И он протянул руку Абаканову, сжал ее крепким, мужским пожатием.

Абаканов понял настроение Журбы и ответил ему тем же.

Они шли по пустырю, двое, и партсобрание продолжалось.

— Интересно, близко ли здесь лежит верховодка. Нет ли просадочных грунтов, лессовых макропористых суглинков? Эти вопросы придется решить в первые дни. Твое мнение, Абаканов?

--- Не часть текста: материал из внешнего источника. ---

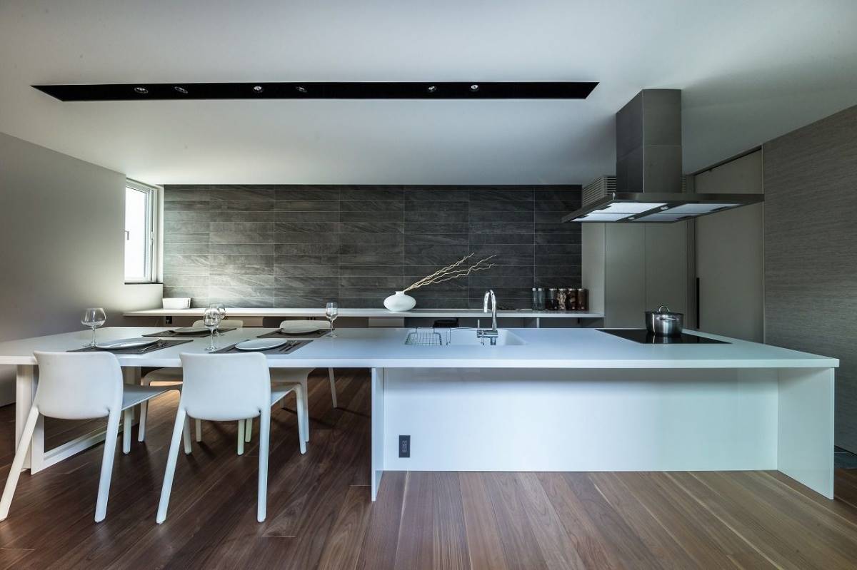 料理を作る人、食べる人が、一つのテーブルを囲めるよう、ダイニングテーブルとキッチンを一体化しました。
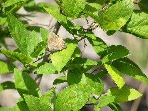 A Hickory Hairstreak Butterfly. Awaiting me at Pinery Provincial Park on the shores of Lake Huron. Etched in memory for… the mere fact it is so seldom seen… the thin but graceful spot band arching across the wings… faint blue spot enclosed by orange chevrons… cluster of broad green leaves like hands bent in prayer…
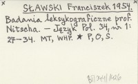 SŁAWSKI Franciszek 1954 Badania leksykograficzne prof. Nitscha.
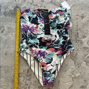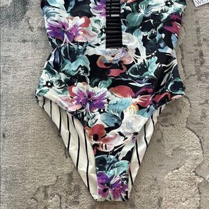 Dive into elegance with this sleek one-piece swimsuit, featuring a sophisticated blend of black and purple hues. Designed for comfort and style, it's perfect for both poolside lounging and active swimming sessions. Reversible.
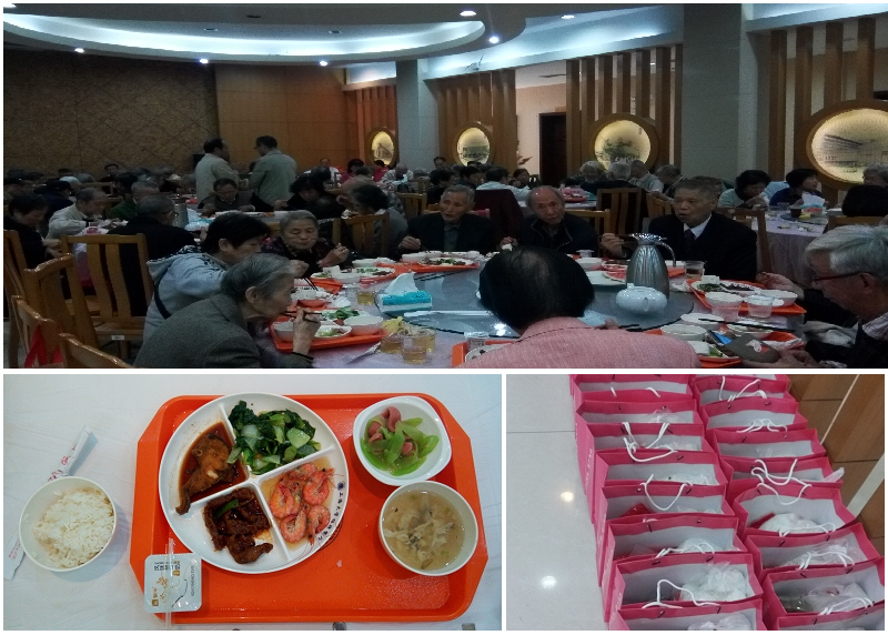 公司现有离退休教职工154名(与在岗的教职工比例已达1:1),平均年龄为74.7岁,其中超过90岁有2人(含离休1人,占1.3%)、80岁以上有54人(占35.1%)、70岁以上有52人(占33.8%)。报名参加本次活动的退休老师们团团围坐,交流畅谈,其乐融融。公司党委书记施雯老师、分工会主席赵莹波老师、分工会副主席兼妇委主任蔡春红老师等来到茶话会现场慰问、看望和交流,副经理邓志勇老师和副经理苗福光老师等也赶在下课后来到现场,祝福老师们晚年生活幸福开心、健康长寿。茶话会结束后,学院安排了午餐并发放了一份小点心。
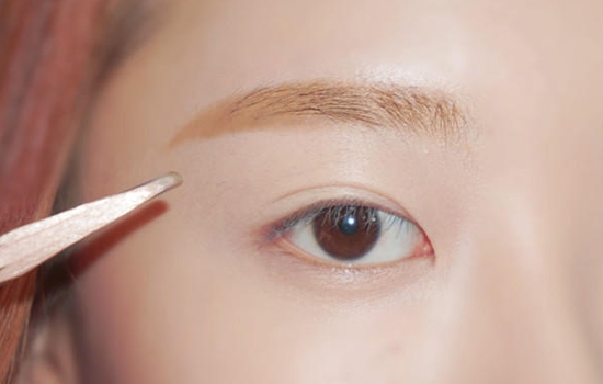 先用眉毛膏给眉毛上色,然后 用浅棕色画一字眉,打造自然眉型。

— Просадочные грунты и меня беспокоят. Начнем ставить домны, а они — на перекос...

— Не только домны!

— Не только. Займемся, Журба, ты об этом не беспокойся, я уже думал. Расстараться вот надо людей, нашу группу подучу, Женя — в перспективе техник-геодезист, Яшку подтяну, за Сухих примусь, у него кое-какие знания есть, я сегодня установил. Поезжай завтра же к Чотышу, без людей мы не обойдемся. Конечно, по положению, забота о комплектовании лежит на мне, но тут нам считаться не приходится. Чертову уйму скважин надо пробурить, заложить шурфы.

— Нет, завтра не поеду. Не солидно: чуть явились, и сразу с жалобами. Как беспомощные дети. Повоюем сами. Теперь вот что, Абаканов, как думаешь: не переселить ли группу на площадку? Разобьем на первое время палатки, а дальше построим какую-нибудь контору с общежитием. Дело ведь не на месяц. Чего зря бить ноги?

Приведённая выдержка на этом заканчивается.